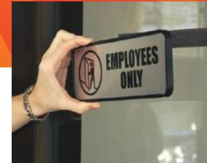
Secure plastic signs to window glass.

Additional 3M™ Dual Lock™ Reclosable Fasteners available. For more information visit www.3M.co.uk/fasteners or call 0870 60 800 60
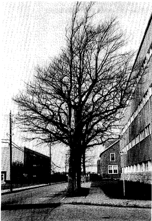
Figure 1. Urban shade tree growing in conditions of restricted root space.

Stress can be defined as a detrimental force or
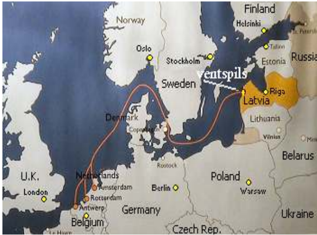
The general location of the Nafta Terminal in Ventspils, Republic of Latvia. The red line represents the major supply routes to Nafta.
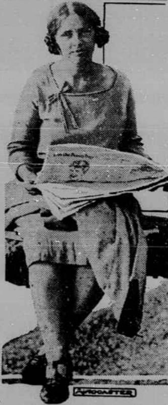
Failing in seven attempts, Mercedes Gleitz, London typist, finally swam the English channel on the eighth try, the first British woman ever to achieve the feat.

§ **PROBLEM TO WORK ON**: With the pictures excluded, transcribe word for word only the lines from the one containing "Stress can be" through the last line of the records.

§ **EXERCISE RESULT**:
Stress can be defined as a detrimental force or
The general location of the Nafta Terminal in Ventspils, Republic of Latvia. The red line represents the major supply routes to Nafta.
Failing in seven attempts, Mercedes Gleitz, London typist, finally swam the English channel on the eighth try, the first British woman ever to achieve the feat.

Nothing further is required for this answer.